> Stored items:
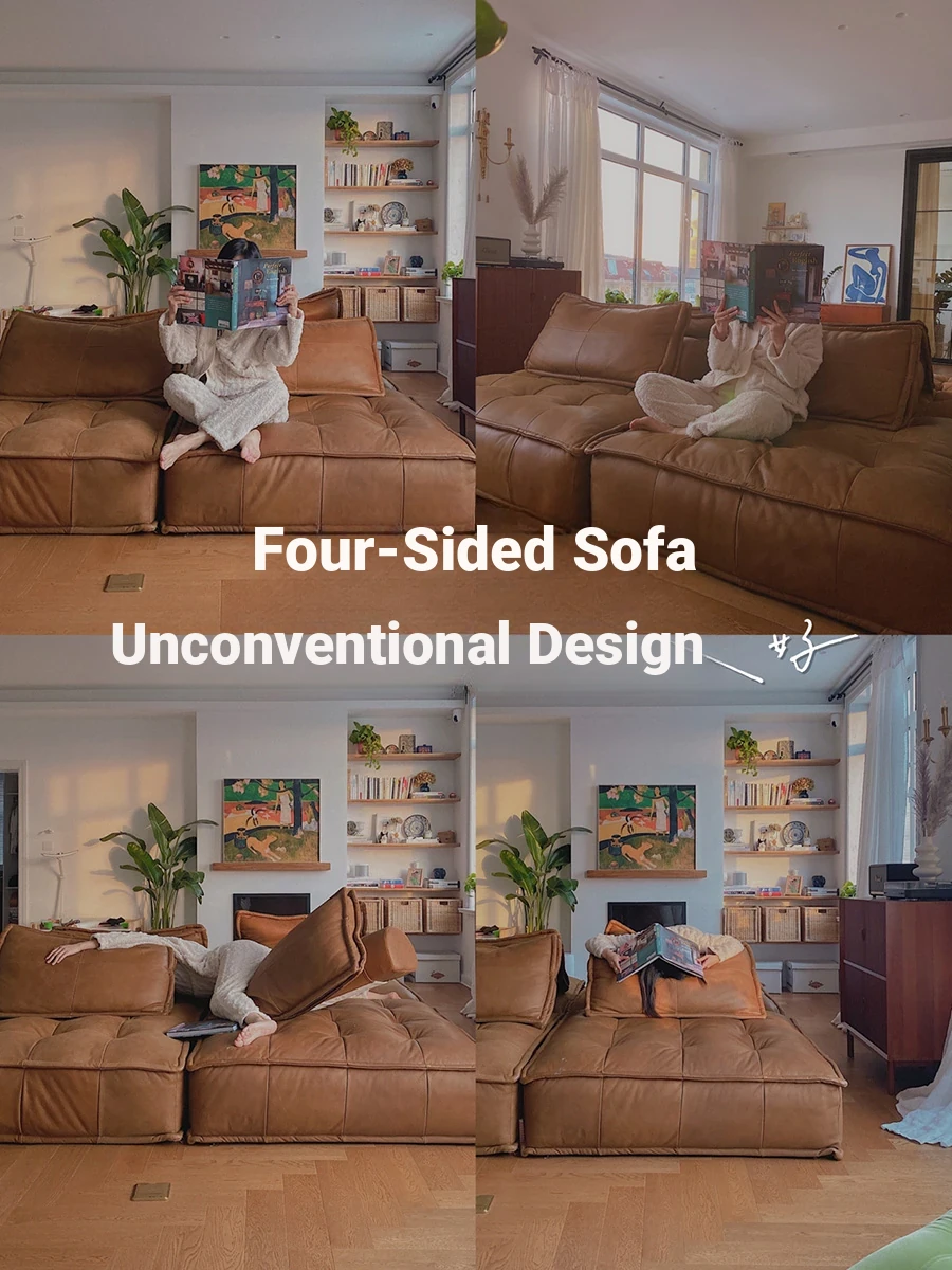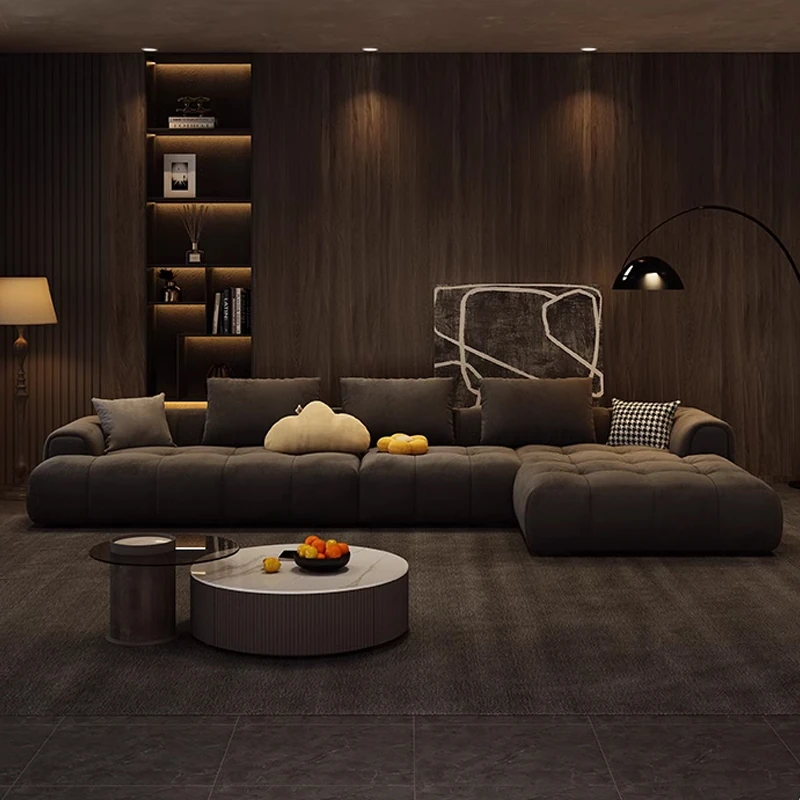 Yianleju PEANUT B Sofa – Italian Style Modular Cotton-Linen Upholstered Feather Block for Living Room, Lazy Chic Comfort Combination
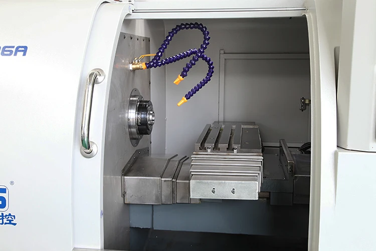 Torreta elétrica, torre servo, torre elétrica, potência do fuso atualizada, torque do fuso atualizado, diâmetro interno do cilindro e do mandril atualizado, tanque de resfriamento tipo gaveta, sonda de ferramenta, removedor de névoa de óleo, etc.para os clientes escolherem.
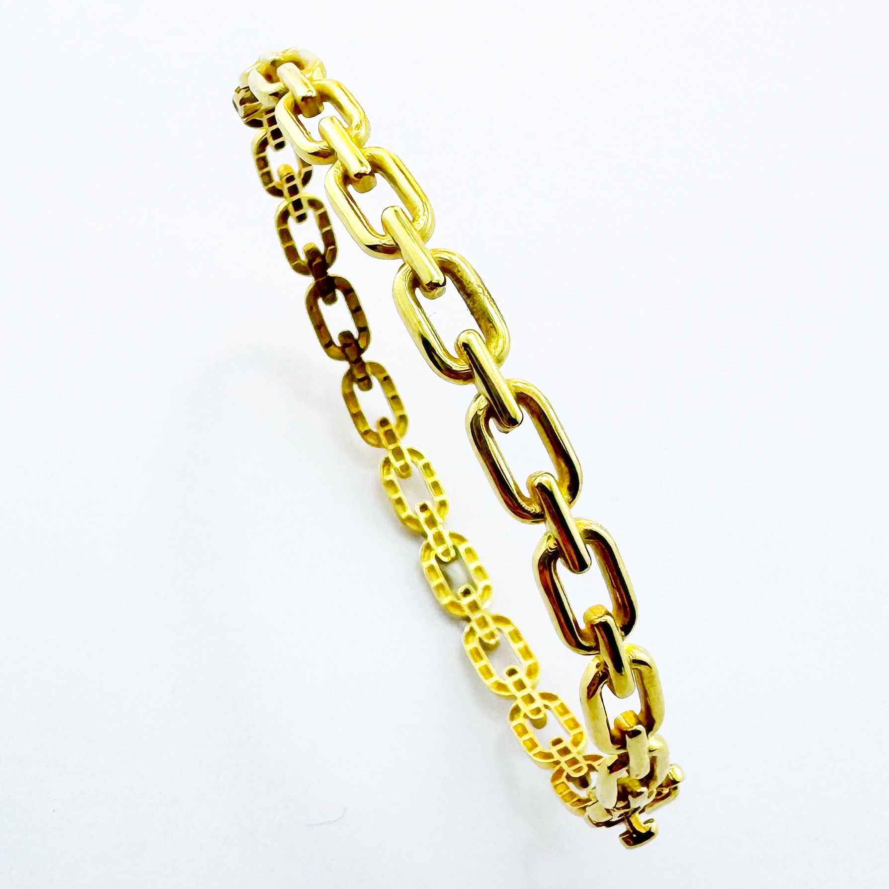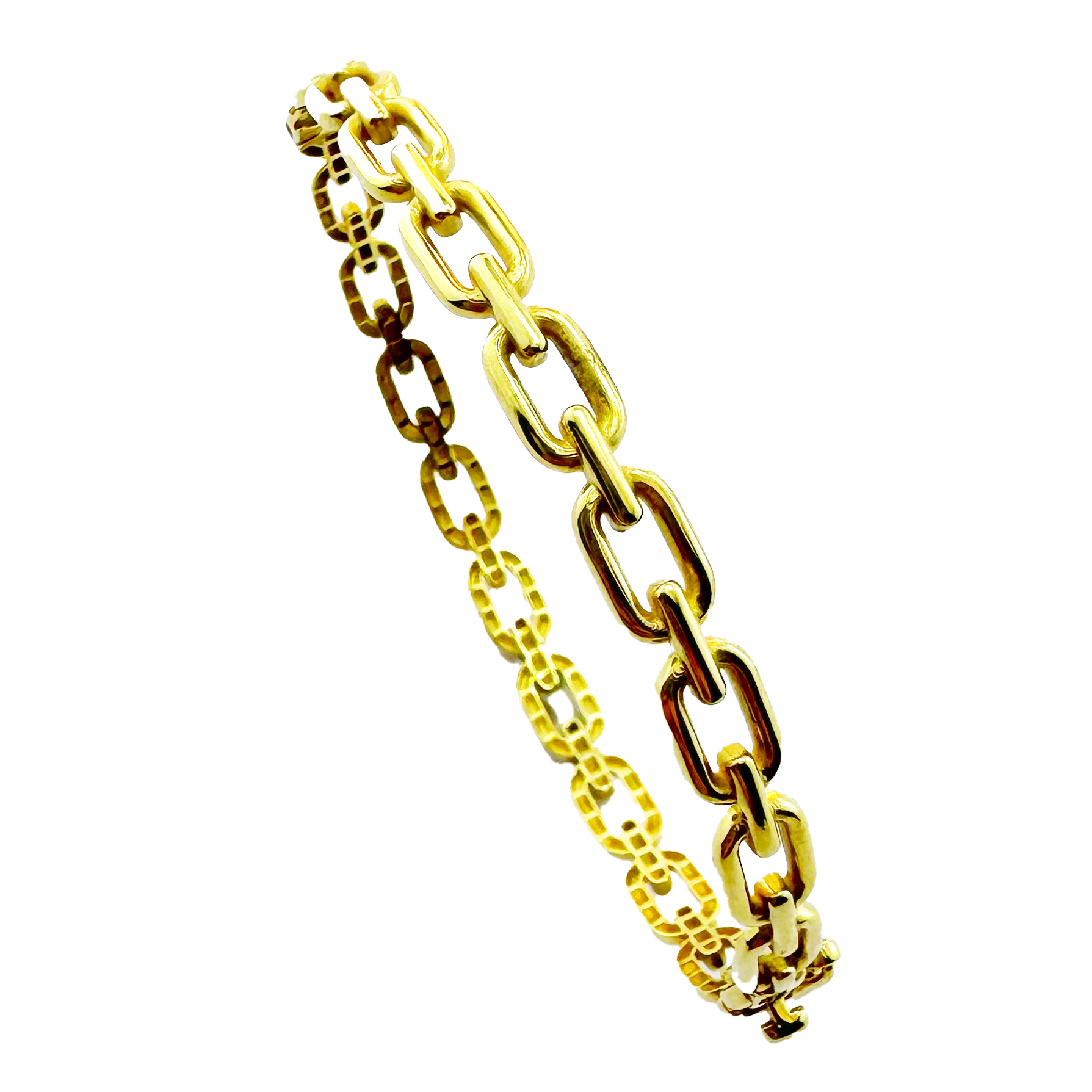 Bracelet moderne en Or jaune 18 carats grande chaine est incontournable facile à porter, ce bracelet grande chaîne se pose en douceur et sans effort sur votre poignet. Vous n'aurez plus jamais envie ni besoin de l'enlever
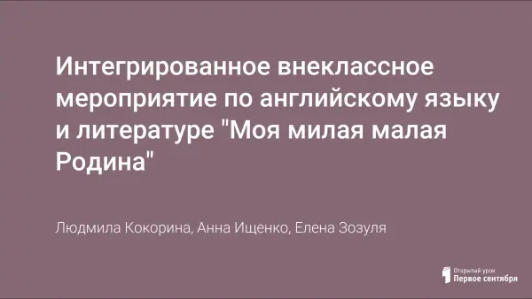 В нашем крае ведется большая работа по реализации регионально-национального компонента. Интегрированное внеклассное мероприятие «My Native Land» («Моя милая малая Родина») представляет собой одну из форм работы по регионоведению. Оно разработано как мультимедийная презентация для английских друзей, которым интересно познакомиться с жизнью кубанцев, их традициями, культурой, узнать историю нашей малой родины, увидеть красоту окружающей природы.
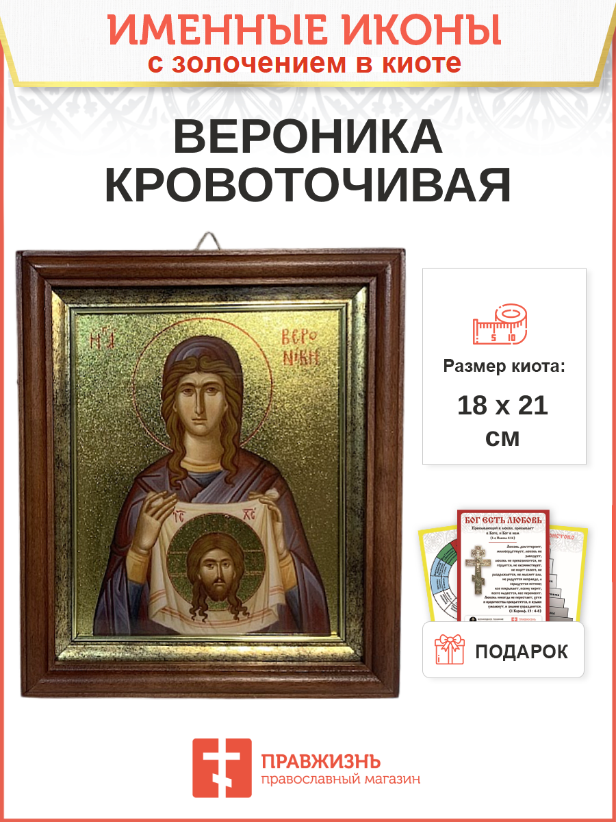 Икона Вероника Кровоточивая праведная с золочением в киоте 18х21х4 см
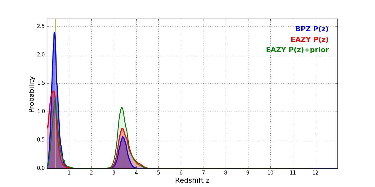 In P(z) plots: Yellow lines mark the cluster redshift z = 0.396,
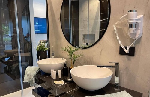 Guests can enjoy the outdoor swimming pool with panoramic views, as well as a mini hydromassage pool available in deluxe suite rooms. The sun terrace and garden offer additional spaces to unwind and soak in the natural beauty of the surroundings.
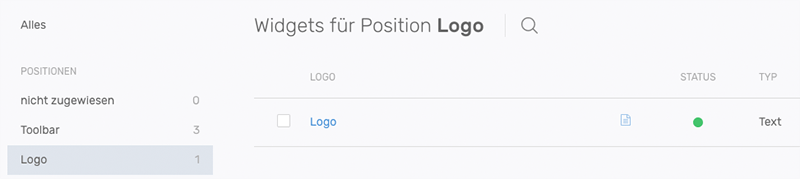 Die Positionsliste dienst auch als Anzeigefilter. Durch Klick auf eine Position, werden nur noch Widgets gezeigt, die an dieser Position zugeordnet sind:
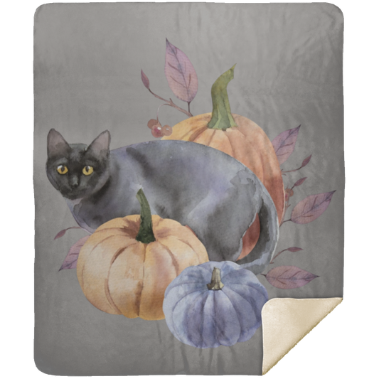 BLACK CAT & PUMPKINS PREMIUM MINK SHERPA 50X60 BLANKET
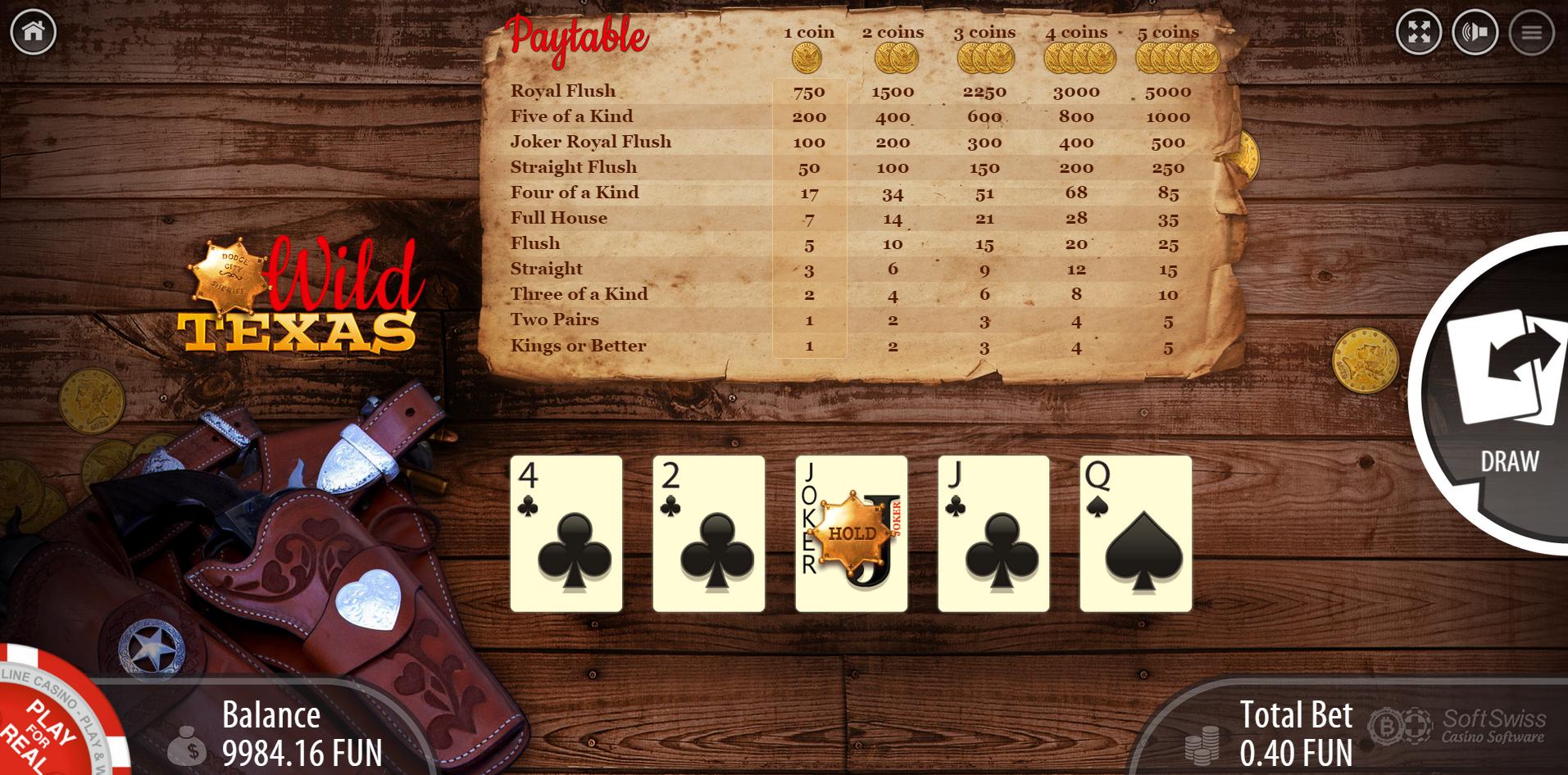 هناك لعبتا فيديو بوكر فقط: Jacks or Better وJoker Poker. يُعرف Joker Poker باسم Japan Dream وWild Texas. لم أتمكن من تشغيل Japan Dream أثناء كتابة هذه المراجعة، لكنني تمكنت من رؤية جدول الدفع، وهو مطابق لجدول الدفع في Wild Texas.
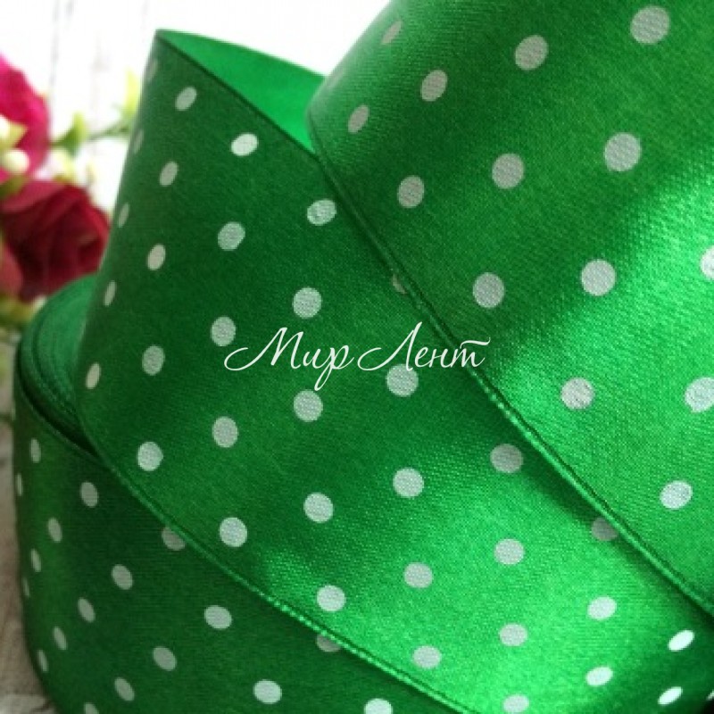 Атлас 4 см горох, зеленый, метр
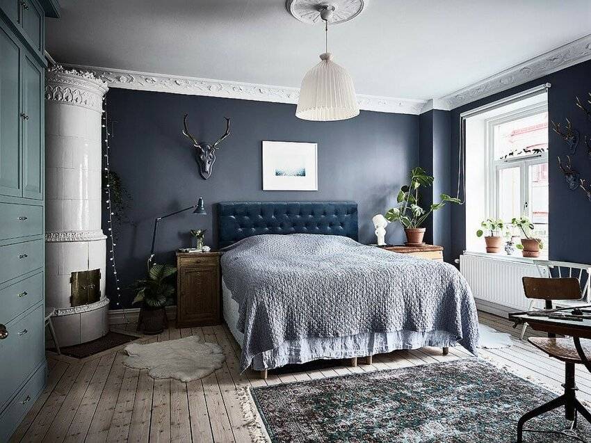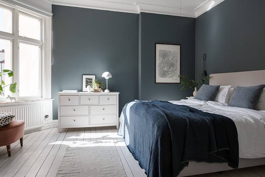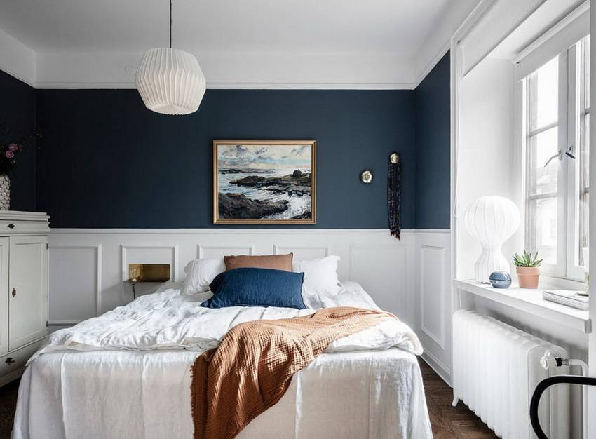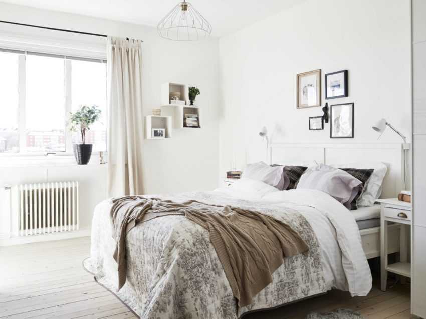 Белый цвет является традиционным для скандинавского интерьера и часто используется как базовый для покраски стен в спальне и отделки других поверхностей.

> Activity: Above are the records. Copy word for word only their lines from the one holding "Bracelet moderne en" through the one holding "In P(z) plots: Yellow", both included, and skip the images.

> Response to this task:
 Bracelet moderne en Or jaune 18 carats grande chaine est incontournable facile à porter, ce bracelet grande chaîne se pose en douceur et sans effort sur votre poignet. Vous n'aurez plus jamais envie ni besoin de l'enlever
 В нашем крае ведется большая работа по реализации регионально-национального компонента. Интегрированное внеклассное мероприятие «My Native Land» («Моя милая малая Родина») представляет собой одну из форм работы по регионоведению. Оно разработано как мультимедийная презентация для английских друзей, которым интересно познакомиться с жизнью кубанцев, их традициями, культурой, узнать историю нашей малой родины, увидеть красоту окружающей природы.
 Икона Вероника Кровоточивая праведная с золочением в киоте 18х21х4 см
 In P(z) plots: Yellow lines mark the cluster redshift z = 0.396,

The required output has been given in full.